Stream connections

Overview

Pipelines by themselves do not process any messages. For a pipeline to actually do any work it must first be connected to one or more streams, which enables fine-grained control of the messages processed by that pipeline.

Note that the built-in function route_to_stream causes a message to be routed to a particular stream. After the routing occurs, the pipeline engine will look up and start evaluating any pipelines connected to that stream.

Although pipelines can trigger other pipelines via message routing, incoming messages must be processed by an initial set of pipelines connected to one or more streams.

The All messages stream

All messages received by Graylog are initially routed into the All messages stream.
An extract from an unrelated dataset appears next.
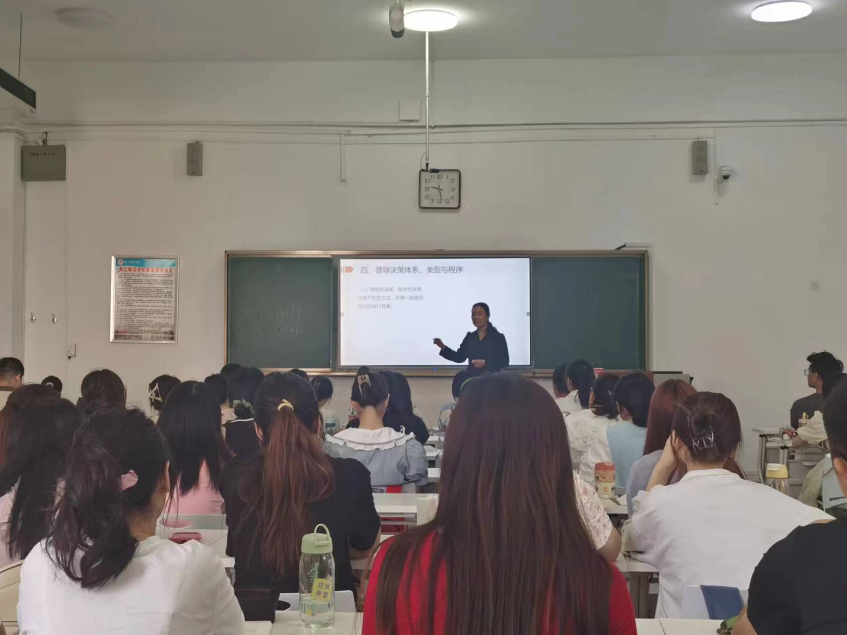 王晓征教授生动地讲解了“领导决策的类型与程序”这一主题,她结合现实生活案例重点讲解了战略决策、经验决策和常规性决策等类型,以及提出问题、确定目标、收集信息、拟定方案、分析评估、择优选择、方案实施和实施评估等环节。在课堂上,王晓征教授把本节课的知识点由学生分角色进行了过程模拟,突出了学以致用的特点。

You can use this stream as the entry point to pipeline processing, allowing incoming messages to be routed to more streams and being processed subsequently.

However, if you prefer to use the original stream matching functionality (i.e. stream rules), you can configure the Pipeline Processor to run after the Message Filter Chain (in the Message Processors Configuration section of the System -> Configurations page) and connect pipelines to existing streams. This gives you fine-grained control over the extraction, conversion, and enrichment process.
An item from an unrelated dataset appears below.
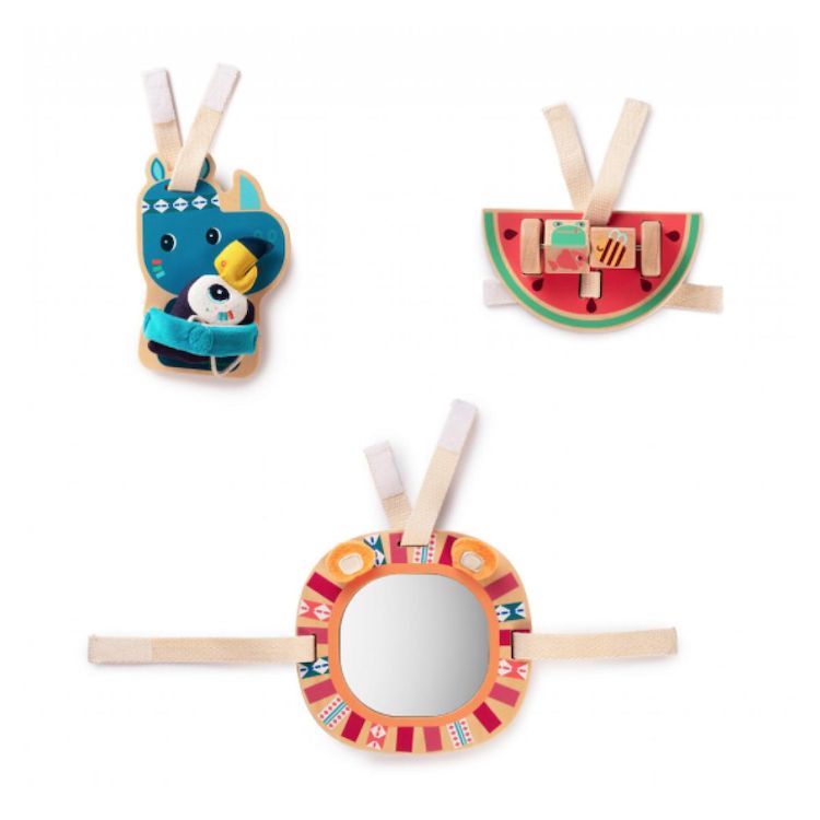 Un ensemble de 3 hochets en bois et tissus à accrocher partout (poussette, parc, lit à barreaux, transats, arches d'éveil..). Chaque hochet a une fonction : jeu de glisse, miroir, bruit de papier froissé. Matière : bois et tissus Dimension : 15x3x15 cm

The importance of message processor ordering

It’s important to note that the order of message processors may have a significant impact on how your messages get processed.

For example: Message Filter Chain is responsible for setting static fields and running extractors defined on inputs, as well as evaluation of stream rules. If you create a pipeline that expects the presence of a static field, but the Pipeline Processor runs before Message Filter Chain, that field will not be available for use in your pipeline.

When designing your streams and pipelines be aware of the message processor order, especially if you have dependencies on earlier message processing.